What is needed is a verbatim copy of the data, minus the pictures.

BEGIN

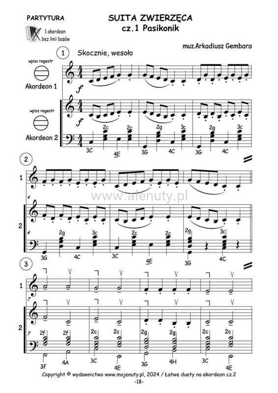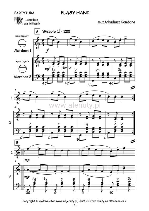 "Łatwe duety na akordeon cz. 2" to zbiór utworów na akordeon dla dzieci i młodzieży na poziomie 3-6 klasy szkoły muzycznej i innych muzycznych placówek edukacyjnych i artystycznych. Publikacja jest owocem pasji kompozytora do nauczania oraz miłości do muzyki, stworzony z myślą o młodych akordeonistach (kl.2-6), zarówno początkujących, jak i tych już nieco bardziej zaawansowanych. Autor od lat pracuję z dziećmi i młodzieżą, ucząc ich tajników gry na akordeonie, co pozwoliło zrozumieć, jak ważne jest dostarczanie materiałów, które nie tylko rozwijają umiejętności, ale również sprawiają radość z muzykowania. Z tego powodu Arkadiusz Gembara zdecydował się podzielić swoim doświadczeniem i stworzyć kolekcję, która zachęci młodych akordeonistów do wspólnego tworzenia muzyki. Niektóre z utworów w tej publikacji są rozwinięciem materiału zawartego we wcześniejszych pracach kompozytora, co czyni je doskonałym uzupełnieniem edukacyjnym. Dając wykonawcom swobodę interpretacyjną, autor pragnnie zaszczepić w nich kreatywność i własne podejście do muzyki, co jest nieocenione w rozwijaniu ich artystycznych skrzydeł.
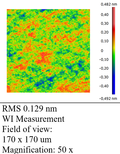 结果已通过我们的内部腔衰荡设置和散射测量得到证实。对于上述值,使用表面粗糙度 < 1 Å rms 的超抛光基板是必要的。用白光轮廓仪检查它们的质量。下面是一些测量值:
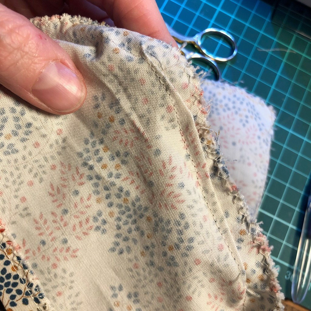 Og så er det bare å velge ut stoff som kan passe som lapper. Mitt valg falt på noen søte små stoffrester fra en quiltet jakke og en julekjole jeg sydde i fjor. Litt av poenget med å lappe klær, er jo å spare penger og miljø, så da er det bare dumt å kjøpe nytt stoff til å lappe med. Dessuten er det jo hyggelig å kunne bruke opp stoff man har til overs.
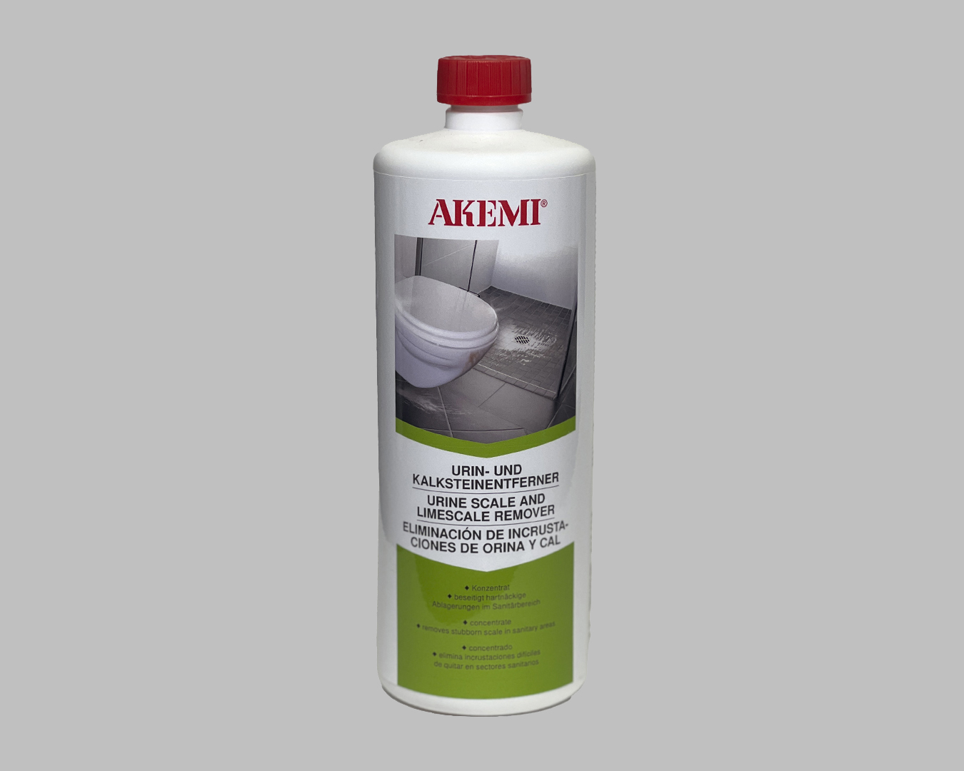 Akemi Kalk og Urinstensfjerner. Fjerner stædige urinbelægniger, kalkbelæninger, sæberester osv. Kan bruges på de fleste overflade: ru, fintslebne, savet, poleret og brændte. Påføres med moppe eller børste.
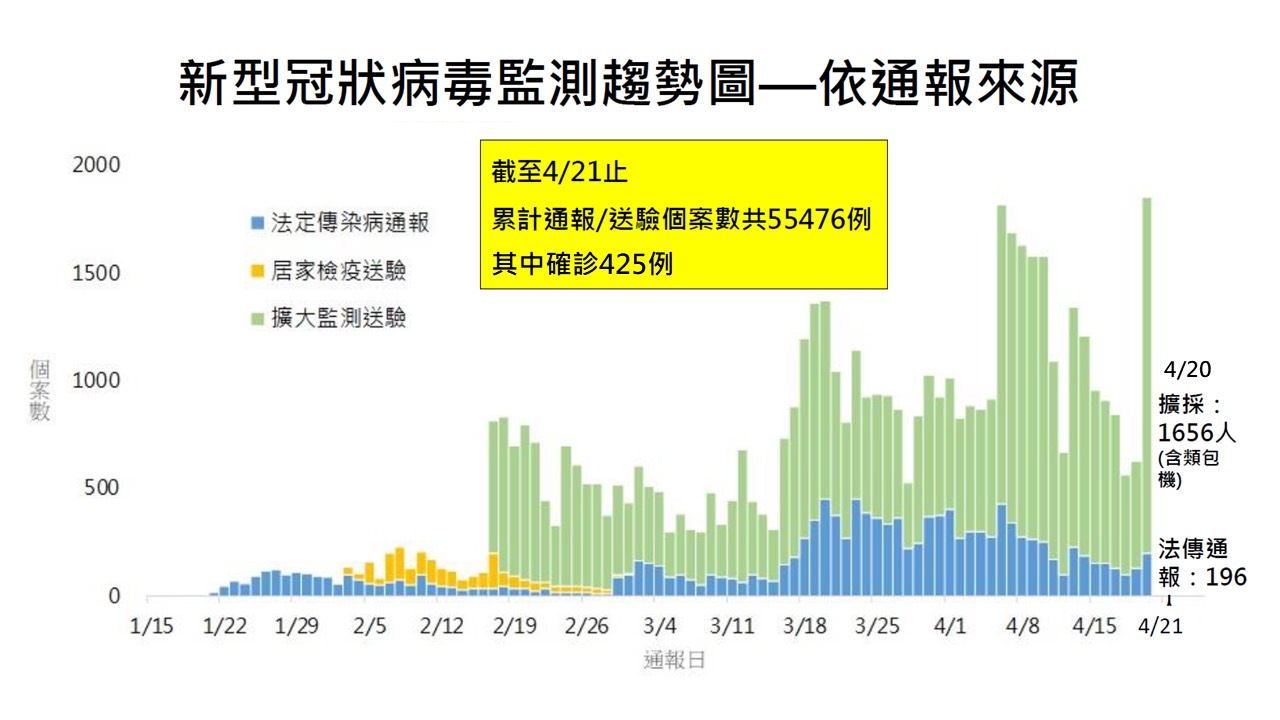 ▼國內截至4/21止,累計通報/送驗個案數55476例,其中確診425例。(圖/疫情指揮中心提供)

END

-- Exercise answer --
 "Łatwe duety na akordeon cz. 2" to zbiór utworów na akordeon dla dzieci i młodzieży na poziomie 3-6 klasy szkoły muzycznej i innych muzycznych placówek edukacyjnych i artystycznych. Publikacja jest owocem pasji kompozytora do nauczania oraz miłości do muzyki, stworzony z myślą o młodych akordeonistach (kl.2-6), zarówno początkujących, jak i tych już nieco bardziej zaawansowanych. Autor od lat pracuję z dziećmi i młodzieżą, ucząc ich tajników gry na akordeonie, co pozwoliło zrozumieć, jak ważne jest dostarczanie materiałów, które nie tylko rozwijają umiejętności, ale również sprawiają radość z muzykowania. Z tego powodu Arkadiusz Gembara zdecydował się podzielić swoim doświadczeniem i stworzyć kolekcję, która zachęci młodych akordeonistów do wspólnego tworzenia muzyki. Niektóre z utworów w tej publikacji są rozwinięciem materiału zawartego we wcześniejszych pracach kompozytora, co czyni je doskonałym uzupełnieniem edukacyjnym. Dając wykonawcom swobodę interpretacyjną, autor pragnnie zaszczepić w nich kreatywność i własne podejście do muzyki, co jest nieocenione w rozwijaniu ich artystycznych skrzydeł.
 结果已通过我们的内部腔衰荡设置和散射测量得到证实。对于上述值,使用表面粗糙度 < 1 Å rms 的超抛光基板是必要的。用白光轮廓仪检查它们的质量。下面是一些测量值:
 Og så er det bare å velge ut stoff som kan passe som lapper. Mitt valg falt på noen søte små stoffrester fra en quiltet jakke og en julekjole jeg sydde i fjor. Litt av poenget med å lappe klær, er jo å spare penger og miljø, så da er det bare dumt å kjøpe nytt stoff til å lappe med. Dessuten er det jo hyggelig å kunne bruke opp stoff man har til overs.
 Akemi Kalk og Urinstensfjerner. Fjerner stædige urinbelægniger, kalkbelæninger, sæberester osv. Kan bruges på de fleste overflade: ru, fintslebne, savet, poleret og brændte. Påføres med moppe eller børste.
 ▼國內截至4/21止,累計通報/送驗個案數55476例,其中確診425例。(圖/疫情指揮中心提供)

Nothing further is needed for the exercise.